As example I use a 10 000 usd account and a fixed percentage of 1% per trade. If I go into a trade I risk 100 usd (1%) where ever I enter the trade or place my stop. so the lot size will be every time different. I have to calculate it every time I enter the trade, but I have an EA for that. So in this case the risk is the same on every trade but the probability changes.
So my question is, Do I read his words correctly or am I missing something? And does this also mean that I should be more focused on a fixed lot size instead of fixed percentage? So that I am risking more money with a high probability, in this for example 300 usd instead of 100 usd? As I scalp the market my stop is often below or above the previous candle, depending on what direction I am trading. this result if market starts to range that i am stop out very fast, even if i am trading in the right direction. But most of the time, if I read the market correctly it gives me a great risk reward.
Thanks for your help.
Olivier
Hi Olivier. You're getting a bit confused here. To my understanding, you're using different lot sizes for different trades. If you are, then you are on the right path.
You take your trades depending on the win probability you want, else you don't.

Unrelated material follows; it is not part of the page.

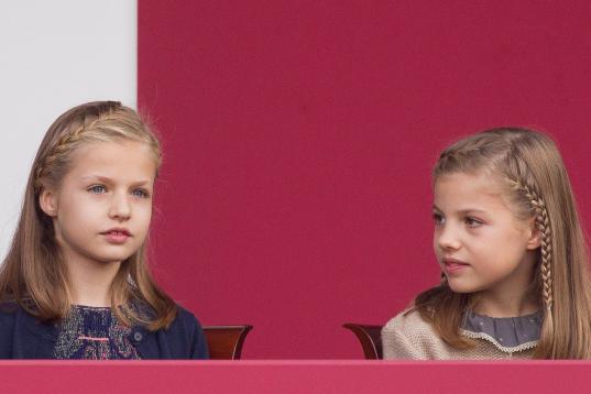Leonor y Sofía durante el desfile de las Fuerzas Armadas el 12 de octubre de 2015.

So, if you want high win probability, you need to risk more ticks/pips per trade and you have to adjust your quantity in such a way that you never lose more than a fixed % of your capital. For that reason, you need to vary your lot size. So that, every trade potentially loses the same amount of money.
Your stop will rarely ever be the same amount of ticks/pips and to ensure that you don't lose more than desired, you need to vary your lot size. Your lot size does not determine your win probability, the price action setup does. You on the other hand, make the necessary calculations to ensure that if your stop gets triggered, you don't lose more than a certain % of your capital.